Most so-called open-source models only release their weights, keeping their datasets and training process private. These are really "open weights" models, offering only partial transparency. The best open-weight reasoning models, like Kimi K2 Thinking from Moonshot AI, have mostly come from China. OLMo 3 goes further by opening up the full pipeline.
Open tools for custom training and evaluation
OLMo 3 is trained on the Dolma 3 dataset, which contains six trillion tokens from web content, scientific papers, and code. Ai2 also released the Dolci Suite for fine-tuning reasoning skills and OLMES for reproducible model evaluation.

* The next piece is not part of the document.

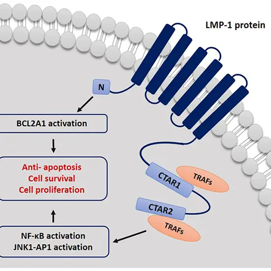The Epstein-Barr virus, also known as Human gamma herpesvirus 4, is one of the nine known human herpesvirus types and one of the most common viruses in humans. EBV is a DNA virus with two strands. It is most famous for being the cause of infectious mononucleosis.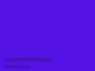 Decimal 89609110 Color is a normal indigo color and the nearest color is Han Purple #5218fa. Hex code #5512e4 and RGB value is rgb(85,18,228). In RGB color space, this color is composed of 33% red, 7% green, 89% blue, In CMYK color space, this color is composed of 63% cyan, 92% magenta, 0% yellow , 11% black , In HSL color space, this color has a hue angle of 259° , 85% saturation and 48% lightness.

All models are released under the Apache 2.0 license and are available on Hugging Face and in the Ai2 Playground. Teams can fine-tune these models for new domains, experiment with different training goals, or build on the published checkpoints.
Earlier this year, Ai2’s OLMo 2 32B matched the performance of commercial models like GPT-4o mini while using only about a third of the compute resources. OLMo 3 continues this work, focusing on further improvements in openness, efficiency, and transparency.